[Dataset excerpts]
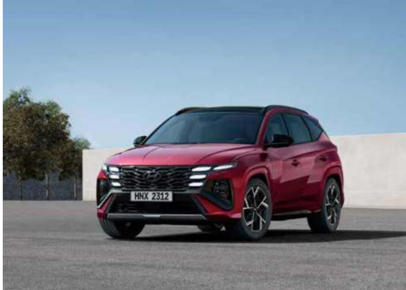
N Line Exclusive Radiator Grille

Packaged with an exclusive design, the new TUCSON N Line awaits those who desire that extra touch of sportiness.
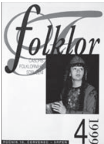
Obálka čísla 4/1999
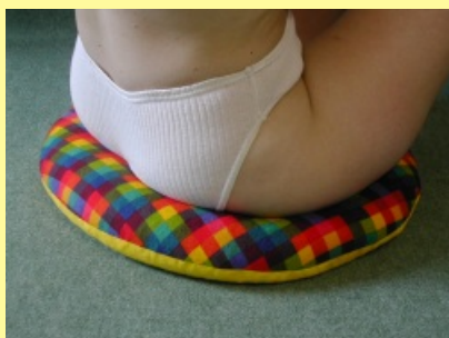
10.1.3.2 Sedací kruh
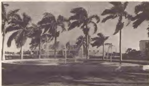
Aruba ta bira mas bunita cu fontein nobo.

Na interes di sanidad publico y pa vista di nos isla, gobierno a duna tur cooperacion na e comision 2000 di limpieza y tambe a inicia recientemente te un campaña di limpieza.
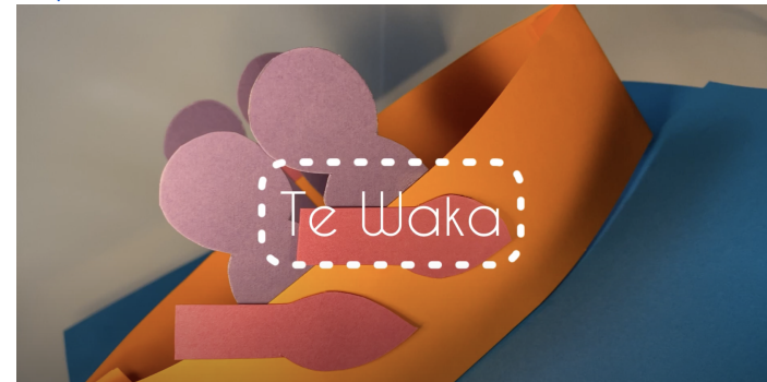
Puka Pāpapa Pepeha #1 - Te Waka Whakaaraara
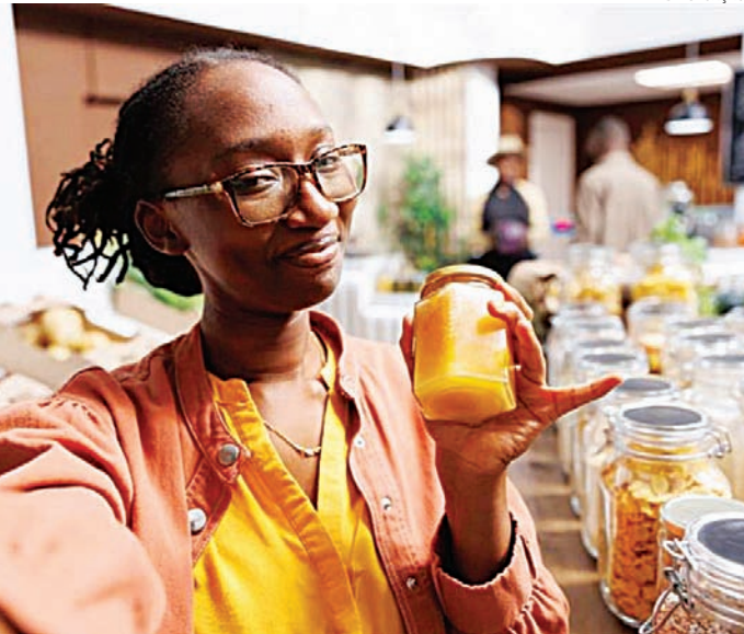
As inscrições para as capacitações podem ser feitas até dia 13 de fevereiro

→ Work to be completed
Only the lines from the one holding "Aruba ta bira mas bunita cu fontein nobo." through the last line of the records should be output, please, exactly and without any pictures.

→ Exercise output
Aruba ta bira mas bunita cu fontein nobo.

Na interes di sanidad publico y pa vista di nos isla, gobierno a duna tur cooperacion na e comision 2000 di limpieza y tambe a inicia recientemente te un campaña di limpieza.
Puka Pāpapa Pepeha #1 - Te Waka Whakaaraara
As inscrições para as capacitações podem ser feitas até dia 13 de fevereiro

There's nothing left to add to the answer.